FAQ · Dupes and controversies

What is olfactive property in perfumery?

Olfactive property refers to the legal and editorial framework around ownership of a fragrance composition. In the European Union and the United States, olfactory composition itself is not copyright-protected, but adjacent intellectual property protections apply.

The essentials

Olfactive property refers to the legal and editorial framework around ownership of a fragrance composition. In both the European Union and the United States, the dominant legal position is that olfactory composition itself is not copyright-protected, because scent lacks the precision and objectivity required for stable creative expression as defined in the Court of Justice ruling Levola Hengelo (Case C-310/17, 2018) (Court of Justice of the European Union, 2018). This single ruling now structures how every reformulation, dupe and homage is read in EU law.

Adjacent intellectual property protections apply. Trademark covers brand names and logos. Registered design covers bottles and packaging. Trade dress covers overall visual identity. Trade secret protects proprietary formulas against acquisition through improper means, although the EU Trade Secrets Directive (2016/943) explicitly permits reverse engineering from a legitimately purchased product. These protections govern the dupe market boundaries and shape what houses can and cannot enforce in court.

Editorial recognition of olfactive authorship operates separately from legal protection. Perfumers are increasingly named on product communications and treated as authors of their compositions, particularly in niche perfumery. This editorial convention parallels the legal framework without depending on it. The Société Française des Parfumeurs and the Osmothèque maintain authorship records that function as a cultural infrastructure of olfactive property (Société Française des Parfumeurs, accessed 2026-05-29), reinforced by community databases such as Fragrantica and Parfumo.

Defining olfactive property

The term olfactive property covers two distinct dimensions: the legal framework governing ownership of fragrance compositions and the editorial framework governing recognition of authorship. The two operate independently. A perfumer can be culturally recognized as the author of a composition without holding any legal copyright over the scent itself, just as a brand can hold strong trademark rights without owning the underlying olfactive idea.

The legal framework operates through several layers: trademark, registered design, trade dress, trade secret and unfair competition law. The editorial framework operates through author attribution in product communications, industry awards including the FiFi Awards from the Fragrance Foundation, and reference databases maintained by Fragrantica, Parfumo and Basenotes. Together they form a hybrid system in which legal enforcement and cultural recognition cover different aspects of authorship without ever fully overlapping.

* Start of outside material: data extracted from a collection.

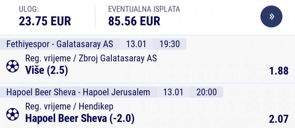 Danas igram ovo kvota je oko 6-7, nadam se prolazu sve su realne prognoze.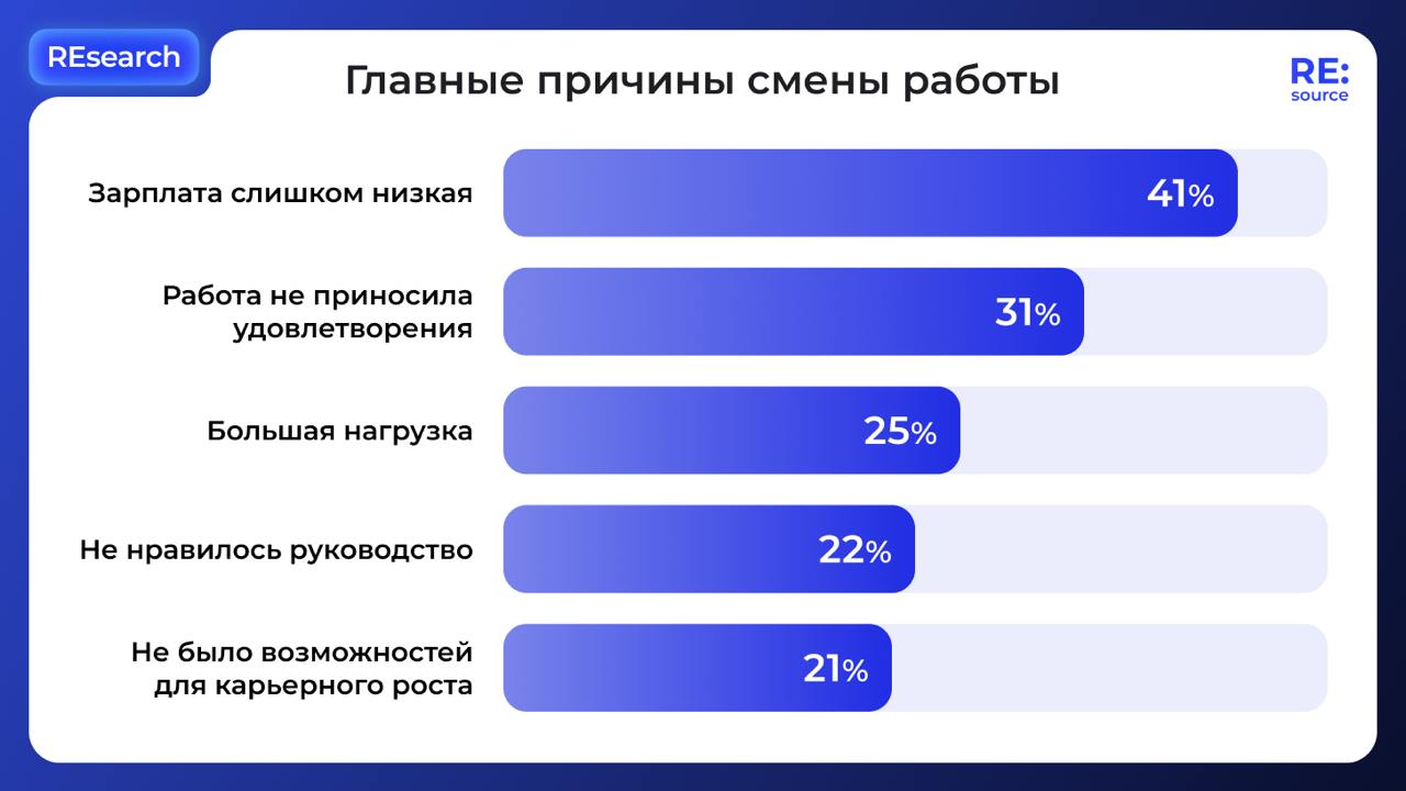 Финансовый аспект стал решающим — 41% респондентов назвали слишком низкую зарплату причиной своего увольнения. На втором месте по значимости — чувство неудовлетворенности. 31% отметили, что работа не приносила удовлетворения и именно это стало одной из причин ухода.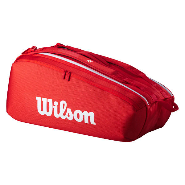 - Wilsonバッグのシグネチャーシリーズ・SUPER TOURがアップデート。世界を転戦する選手たちの要望に応える為、軽量且つ耐久性の高いポリエステルを採用。また、人体工学に基づき設計された新設計のストラップは身体への負担を軽減。ラケットや衣類等の収納にぴったりなメインの収納部は2室に分かれており、ラケットを最大9本収納可能。メインの収納部の内1室にはサーモガード加工が施され、外部の気温上昇による影響を防ぐ。両面のフロント部に小物を収納可能なジッパー付ポケット。前面部には貴重品等の収納に最適なジッパー付ポケット。底面部にはベンチレーション仕様のジッパー付ポケットがあり、シューズの収納に最適。
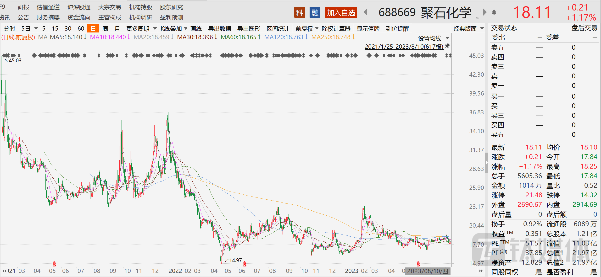 二级市场方面,截至8月10日收盘,公司股价报收18.11元,上涨1.17%,总市值为21.97亿元。值得注意的是,公司当前股价较年内高点24.48元,已跌去20%左右。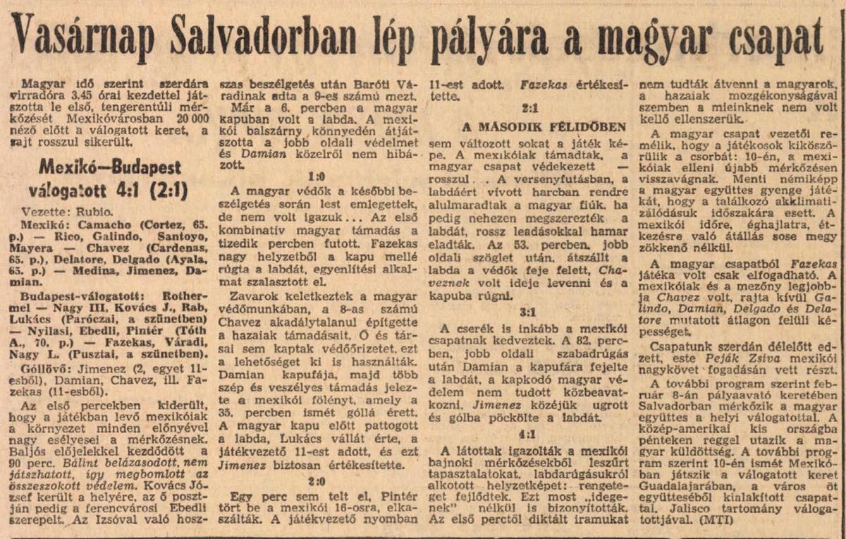 1976.II.4. Mexikó – Budapest válogatott 4:1

The European Union position

The Court of Justice of the European Union ruled in Levola Hengelo (Case C-310/17, November 2018) that the taste of a food product cannot be protected by copyright because it cannot be identified with sufficient precision and objectivity to constitute a stable creative expression. The reasoning applies by analogy to perfume composition, since both rely on subjective sensory perception that varies with the receiver and the medium of diffusion.

The Dutch Supreme Court had briefly recognized possible copyright protection for perfume composition in Lancôme v Kecofa (2006), centered on the scent of Trésor. The CJEU position now overrides this earlier interpretation across all EU member states. Olfactive composition is therefore not copyright-protected in the European Union under current case law, and lower-court rulings that predate Levola Hengelo are no longer treated as authoritative by EU-wide commentators (European Commission, Directive 2016/943).

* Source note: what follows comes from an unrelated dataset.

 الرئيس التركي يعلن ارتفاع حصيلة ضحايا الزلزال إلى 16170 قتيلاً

The United States position

The United States has never recognized copyright protection for olfactive composition. US copyright law requires fixation in a tangible medium of expression, which scent does not satisfy under current interpretation. The Copyright Office has not issued registrations for fragrance compositions, and no federal court has overturned this position despite recurring discussion in academic literature.

US protection therefore operates through trademark (Lanham Act), trade dress (Lanham Act and Restatement (Third) of Unfair Competition), trade secret (Defend Trade Secrets Act of 2016) and patent for novel chemical compounds used in the formulation. The combined framework protects the commercial identity and proprietary materials without protecting the scent itself, and houses litigating against dupe manufacturers typically lean on trademark and trade dress claims rather than any direct claim of olfactive ownership.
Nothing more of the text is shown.